Son regard se promenait sur chaque parcelle de son visage, absorbant l'expression qu'il y trouvait. Il se demandait si les yeux trop bleus voyaient réellement les mots, ou si les images qu'ils lisaient se transposaient sur leurs rétines et les faisaient voyager là où le roman voulait les emporter. Ses sourcils se fronçaient parfois, ses lèvres s'entre-ouvraient et se plissaient. Dean savait qu'en ce moment, ils ne partageaient pas la même réalité, que c'était comme regarder quelqu'un qui dormait. Et Castiel semblait si paisible une fois endormi. Il n'avait jamais eu la chance d'observer son ange lorsqu'il dormait, celui-ci se réveillant toujours avant lui, s'il s'endormait tout court. Il se sentait privilégié de pouvoir être en sa présence alors que sa garde était abaissée, et d'observer le spectacle à couper le souffle qu'il était dans la plus grande discrétion.
Peut-être Castiel sentit-il son regard, ou bien il y avait une interruption dans l'histoire qu'il lisait, car il releva les yeux sur lui. C'était si soudain que Dean faillit sursauter. Il l'aurait certainement fait si les saphirs ne l'avaient pas cloué sur place. Il y avait certainement quelque chose d'idiot là-dedans, mais il sentit chaque muscle de son corps se détendre alors qu'il plongeait son regard dans celui de son ange. Une paix sans nom l'envahit, se faufilant dans chaque cellule de son être et y prenant place comme si son ADN avait tout simplement toujours contenu un espace vide destiné à l'accueillir. La sensation de douceur, de paix, de chaleur, embrouilla son cerveau, comme un doux brouillard matinal, comme un nuage de drogue qui endort les sens et réveille les émotions, comme ce sentiment d'être enfin chez soi après un long voyage. Le long voyage de toute une vie.
Et Dean sourit, pas largement, pas de toutes ses dents, juste un minime changement dans la commissure de ses lèvres, un éclat de joie qui ne passe réellement que par le regard. Un bonheur communicatif qui se reflète sur le visage de la personne avec laquelle vous le partagez. Vous n'êtes pas sûr d'à quel point elle ressent la même chose que vous et vous seriez prêt à lui offrir un bout de ce sentiment, mais vous avez trop peur de l'abimer, alors vous le garder intact, égoïstement rien que pour vous.

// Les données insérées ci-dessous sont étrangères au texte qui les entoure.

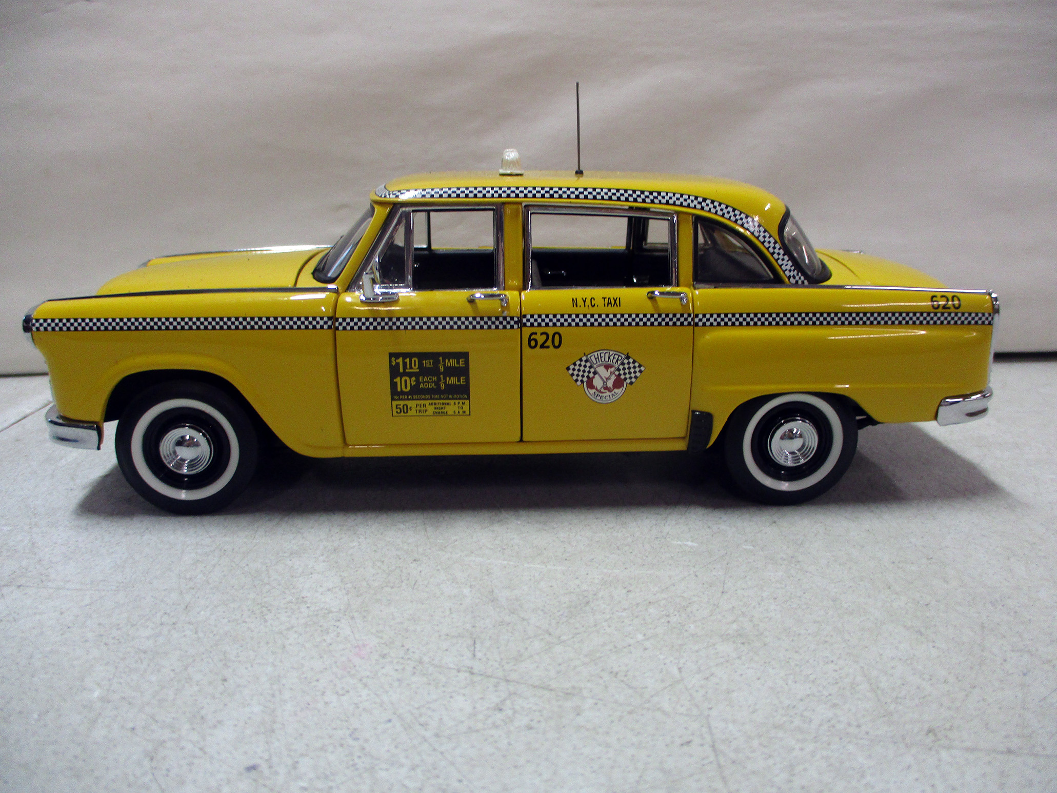 Diecast model of a classic yellow Checker taxi cab in 1:24 scale. The model features a checkerboard pattern along the upper body, a taxi roof light, and detailed interior and exterior designs. The side doors display a vintage-style taxi company decal. An ideal collector's item or display piece. (Click image to see high resolution version).

Ils joignirent leurs mains sur la table, le contact électrique mais doux. Un courant chatouilla sa peau, naissant du bout de ses doigts et causant des tremblements de terre sur le reste de sa main, de son poignet et de son bras alors qu'il s'y propageait en vague. Le temps s'était arrêté, ou peut-être qu'il continuait mais cela n'avait aucune importance, car eux deux, ensemble et seul, à cet instant, ils défiaient le temps et le rythme du monde, ils leur riaient au nez en les oubliant.
A travers le brouillard, les battements de son cœur lui parvinrent, rapides, et il prit une grande inspiration pour les calmer. L'air autour de lui semblait pur, mais lourd, et n'apporta pas d'aide à ses poumons. Son souffle était coupé face à l'homme devant lui. L'onde électrique et chaude se propagea dans son corps, laissant des marques brulantes sur son passage, mais lentement ses cicatrices commencèrent à picoter, ses nerfs à vif. Le brouillard se levait, son esprit retrouvant conscience et le monde extérieur était bruyant.
L'amour qu'il éprouvait pour Castiel prenait naissance dans son cœur, dans son esprit, son ventre, sa gorge, et il grossissait. L'air ne passait plus dans sa gorge et son cœur devait redoubler d'effort pour battre d'une force toujours plus accélérée. Son ventre se serrait et se retournait sur lui-même alors que son esprit était incapable de penser et pourtant ne pouvait se taire. Ses sens étaient à vif et tout était trop réel, chaque perception doublée, triplée.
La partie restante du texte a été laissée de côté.